Exercise:
Return the data below exactly, please, but drop the pictures.

Supplied information:
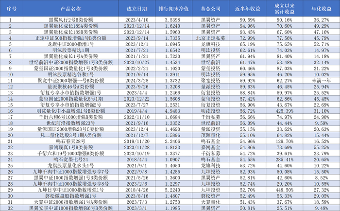 正定私募旗下的“正定中证500指数增强1号B类份额”近半年的收益率为72.99%,排名第四位,龙旗科技的“龙旗中证2000指增1号”、明汯投资的“明汯股票精选1期”、世纪前沿的“世纪前沿中证2000指数增强1号B类份额”、蒙玺投资的“蒙玺国证2000指数量化1号B类份额”近半年的收益率也都超过了60%。
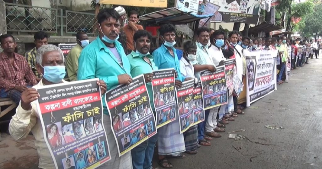 শনিবার (৫ জুন) দুপুরে নরসিংদী সদর উপজেলার প্রেসক্লাবের সামনে এই মানববন্ধন অনুষ্ঠিত হয়। এতে হরিজন সম্প্রদায়ের লোকজন ও নিহত গৃহবধূর স্বজনেরা অংশগ্রহণ করেন। এ সময় তারা কল্পনা রানী হত্যার সুষ্ঠু তদন্ত ও বিচার দাবি করেন।
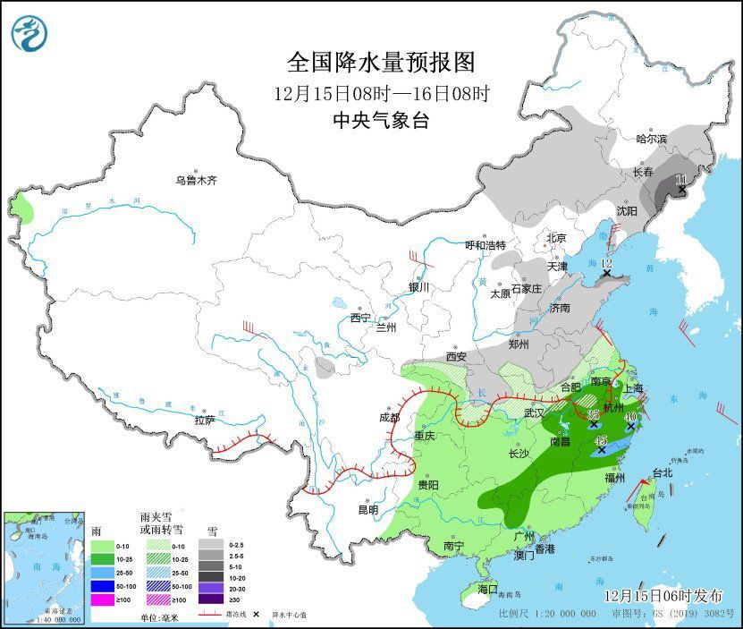 12月15日08時至16日08時,西北地區(qū)東南部、內(nèi)蒙古東部、東北地區(qū)中東部和南部、黃淮、江淮大部、江漢等地部分地區(qū)有小雪或雨夾雪,其中,吉林東部、遼寧東北部、山東北部等地部分地區(qū)有中到大雪,局地暴雪(10~12毫米)。江南、西南地區(qū)東部、華南、臺灣島等地部分地區(qū)有小到中雨,其中,江西北部、浙江中南部、福建北部等地部分地區(qū)有大雨(25~45毫米)。內(nèi)蒙古西南部、遼東半島、江蘇北部等地部分地區(qū)有4~6級風(fēng),其中,青海南部部分地區(qū)有6~7級風(fēng)。

The answer:
 正定私募旗下的“正定中证500指数增强1号B类份额”近半年的收益率为72.99%,排名第四位,龙旗科技的“龙旗中证2000指增1号”、明汯投资的“明汯股票精选1期”、世纪前沿的“世纪前沿中证2000指数增强1号B类份额”、蒙玺投资的“蒙玺国证2000指数量化1号B类份额”近半年的收益率也都超过了60%。
 শনিবার (৫ জুন) দুপুরে নরসিংদী সদর উপজেলার প্রেসক্লাবের সামনে এই মানববন্ধন অনুষ্ঠিত হয়। এতে হরিজন সম্প্রদায়ের লোকজন ও নিহত গৃহবধূর স্বজনেরা অংশগ্রহণ করেন। এ সময় তারা কল্পনা রানী হত্যার সুষ্ঠু তদন্ত ও বিচার দাবি করেন।
 12月15日08時至16日08時,西北地區(qū)東南部、內(nèi)蒙古東部、東北地區(qū)中東部和南部、黃淮、江淮大部、江漢等地部分地區(qū)有小雪或雨夾雪,其中,吉林東部、遼寧東北部、山東北部等地部分地區(qū)有中到大雪,局地暴雪(10~12毫米)。江南、西南地區(qū)東部、華南、臺灣島等地部分地區(qū)有小到中雨,其中,江西北部、浙江中南部、福建北部等地部分地區(qū)有大雨(25~45毫米)。內(nèi)蒙古西南部、遼東半島、江蘇北部等地部分地區(qū)有4~6級風(fēng),其中,青海南部部分地區(qū)有6~7級風(fēng)。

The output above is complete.